All you can do is walk around the castle and go for tea in the coffee shop. 
While this is appealing to some, younger kids can get a bit bored!
I have spoken to various members of the family who have said this is okay for me to do but I need to plan it etc. 
Finally onto the point! I was thinking about setting up a pony trekking centre at the foot of the castle. We have about 1 acre which can be used as a grass paddock for Shetland rides/schooling. We have the beach very close and excellent hacking. 
Does anyone have any tips as to setting this up?

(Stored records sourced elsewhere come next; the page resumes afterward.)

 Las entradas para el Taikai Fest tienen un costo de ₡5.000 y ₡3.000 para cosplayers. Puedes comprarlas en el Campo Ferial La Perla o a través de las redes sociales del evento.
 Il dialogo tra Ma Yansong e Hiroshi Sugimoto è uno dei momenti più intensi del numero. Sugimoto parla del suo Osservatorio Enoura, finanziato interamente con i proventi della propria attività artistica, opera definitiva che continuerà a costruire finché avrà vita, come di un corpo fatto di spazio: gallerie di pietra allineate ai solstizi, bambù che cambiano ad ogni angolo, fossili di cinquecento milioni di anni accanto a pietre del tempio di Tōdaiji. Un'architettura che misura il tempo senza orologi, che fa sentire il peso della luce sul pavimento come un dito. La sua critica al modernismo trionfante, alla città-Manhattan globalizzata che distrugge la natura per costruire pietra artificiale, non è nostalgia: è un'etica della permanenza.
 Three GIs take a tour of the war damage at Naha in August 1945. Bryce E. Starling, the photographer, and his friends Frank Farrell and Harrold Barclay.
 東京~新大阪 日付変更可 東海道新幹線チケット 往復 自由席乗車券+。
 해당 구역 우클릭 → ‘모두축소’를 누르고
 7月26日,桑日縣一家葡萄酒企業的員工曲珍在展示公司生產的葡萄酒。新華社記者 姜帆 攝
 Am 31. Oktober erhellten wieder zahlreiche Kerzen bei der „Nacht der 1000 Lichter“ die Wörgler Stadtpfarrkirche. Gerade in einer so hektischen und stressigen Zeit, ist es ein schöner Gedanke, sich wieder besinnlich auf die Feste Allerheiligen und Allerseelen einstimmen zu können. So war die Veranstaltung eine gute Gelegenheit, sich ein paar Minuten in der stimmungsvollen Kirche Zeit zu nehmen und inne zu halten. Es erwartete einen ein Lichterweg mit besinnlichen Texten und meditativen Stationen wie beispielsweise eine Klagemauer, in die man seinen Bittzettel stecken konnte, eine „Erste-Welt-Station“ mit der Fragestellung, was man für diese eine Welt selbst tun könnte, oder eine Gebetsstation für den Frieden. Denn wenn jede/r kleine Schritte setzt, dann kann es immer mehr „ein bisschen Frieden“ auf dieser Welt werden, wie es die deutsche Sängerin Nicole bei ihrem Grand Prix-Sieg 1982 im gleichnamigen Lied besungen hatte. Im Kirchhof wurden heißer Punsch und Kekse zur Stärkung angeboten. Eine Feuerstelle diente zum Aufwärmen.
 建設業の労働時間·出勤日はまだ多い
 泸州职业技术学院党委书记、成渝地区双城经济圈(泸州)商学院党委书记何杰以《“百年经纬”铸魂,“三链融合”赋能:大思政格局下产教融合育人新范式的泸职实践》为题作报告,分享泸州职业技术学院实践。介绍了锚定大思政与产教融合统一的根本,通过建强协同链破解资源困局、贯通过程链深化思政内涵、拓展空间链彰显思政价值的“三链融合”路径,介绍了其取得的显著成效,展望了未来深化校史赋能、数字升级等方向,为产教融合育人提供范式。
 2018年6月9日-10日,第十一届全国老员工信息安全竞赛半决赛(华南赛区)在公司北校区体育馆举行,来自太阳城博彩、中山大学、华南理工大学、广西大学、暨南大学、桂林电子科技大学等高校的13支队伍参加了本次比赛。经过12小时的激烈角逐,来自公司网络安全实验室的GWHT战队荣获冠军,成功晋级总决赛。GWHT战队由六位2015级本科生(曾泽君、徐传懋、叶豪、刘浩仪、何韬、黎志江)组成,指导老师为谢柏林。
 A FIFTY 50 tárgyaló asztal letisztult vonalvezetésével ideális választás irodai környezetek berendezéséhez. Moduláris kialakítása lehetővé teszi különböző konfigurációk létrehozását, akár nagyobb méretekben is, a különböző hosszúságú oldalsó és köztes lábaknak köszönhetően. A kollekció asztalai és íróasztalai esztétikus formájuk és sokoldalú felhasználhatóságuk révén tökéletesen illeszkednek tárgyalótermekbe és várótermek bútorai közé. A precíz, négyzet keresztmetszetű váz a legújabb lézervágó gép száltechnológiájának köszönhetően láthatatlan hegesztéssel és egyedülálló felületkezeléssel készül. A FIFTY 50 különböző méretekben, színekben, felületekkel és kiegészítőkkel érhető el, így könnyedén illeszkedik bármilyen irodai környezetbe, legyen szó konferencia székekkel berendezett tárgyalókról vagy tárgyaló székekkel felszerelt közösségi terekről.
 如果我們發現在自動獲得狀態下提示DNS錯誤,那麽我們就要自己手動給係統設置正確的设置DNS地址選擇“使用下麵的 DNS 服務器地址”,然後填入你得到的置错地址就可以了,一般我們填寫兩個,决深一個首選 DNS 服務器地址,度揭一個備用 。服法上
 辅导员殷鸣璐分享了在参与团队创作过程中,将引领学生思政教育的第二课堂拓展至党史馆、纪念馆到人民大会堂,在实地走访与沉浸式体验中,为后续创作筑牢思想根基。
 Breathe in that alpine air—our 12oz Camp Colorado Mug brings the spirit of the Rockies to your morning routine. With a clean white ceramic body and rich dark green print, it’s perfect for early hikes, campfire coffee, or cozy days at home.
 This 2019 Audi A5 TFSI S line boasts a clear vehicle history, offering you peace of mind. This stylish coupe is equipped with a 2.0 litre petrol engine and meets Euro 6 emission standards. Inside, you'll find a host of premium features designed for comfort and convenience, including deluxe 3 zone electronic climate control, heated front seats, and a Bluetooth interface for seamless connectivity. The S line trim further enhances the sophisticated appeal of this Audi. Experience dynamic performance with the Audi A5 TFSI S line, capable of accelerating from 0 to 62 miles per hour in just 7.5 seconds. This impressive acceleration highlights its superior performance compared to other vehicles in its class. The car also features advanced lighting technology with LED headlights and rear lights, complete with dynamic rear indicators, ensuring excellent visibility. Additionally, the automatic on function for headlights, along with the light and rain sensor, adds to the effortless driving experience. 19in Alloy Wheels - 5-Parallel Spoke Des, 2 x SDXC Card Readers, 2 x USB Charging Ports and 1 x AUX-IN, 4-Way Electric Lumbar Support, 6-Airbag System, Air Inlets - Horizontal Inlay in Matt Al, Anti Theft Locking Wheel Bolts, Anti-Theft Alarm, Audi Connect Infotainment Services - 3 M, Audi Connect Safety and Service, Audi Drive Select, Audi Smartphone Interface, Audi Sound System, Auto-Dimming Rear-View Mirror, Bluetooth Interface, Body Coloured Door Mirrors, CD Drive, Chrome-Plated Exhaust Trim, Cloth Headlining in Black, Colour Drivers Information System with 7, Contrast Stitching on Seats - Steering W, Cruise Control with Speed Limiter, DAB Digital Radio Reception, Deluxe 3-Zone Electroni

I have thought about some obvious things (costs, where the ponies will live etc) but is there anything else I should know? 
Thanks!


----------



## be positive (15 July 2018)

It sounds like a good idea until you really look at the costs involved, you will require a license from the local authority, insurance, which can be prohibitive, staff, as you will be catering for complete novices and young children so it may mean one staff member to one client which probably wont be cost effective and what will happen during the winter when there are less visitors yet higher costs involved with keeping the ponies.  
A few ponies and other animals to pet over a gate may be a safer option financially yet still give the young children an interest with far less outgoings.


----------



## rallan15 (15 July 2018)

be positive said:



			It sounds like a good idea until you really look at the costs involved, you will require a license from the local authority, insurance, which can be prohibitive, staff, as you will be catering for complete novices and young children so it may mean one staff member to one client which probably wont be cost effective and what will happen during the winter when there are less visitors yet higher costs involved with keeping the ponies.  
A few ponies and other animals to pet over a gate may be a safer option financially yet still give the young children an interest with far less outgoings.
		
Click to expand...

Thanks! I totally see what you mean.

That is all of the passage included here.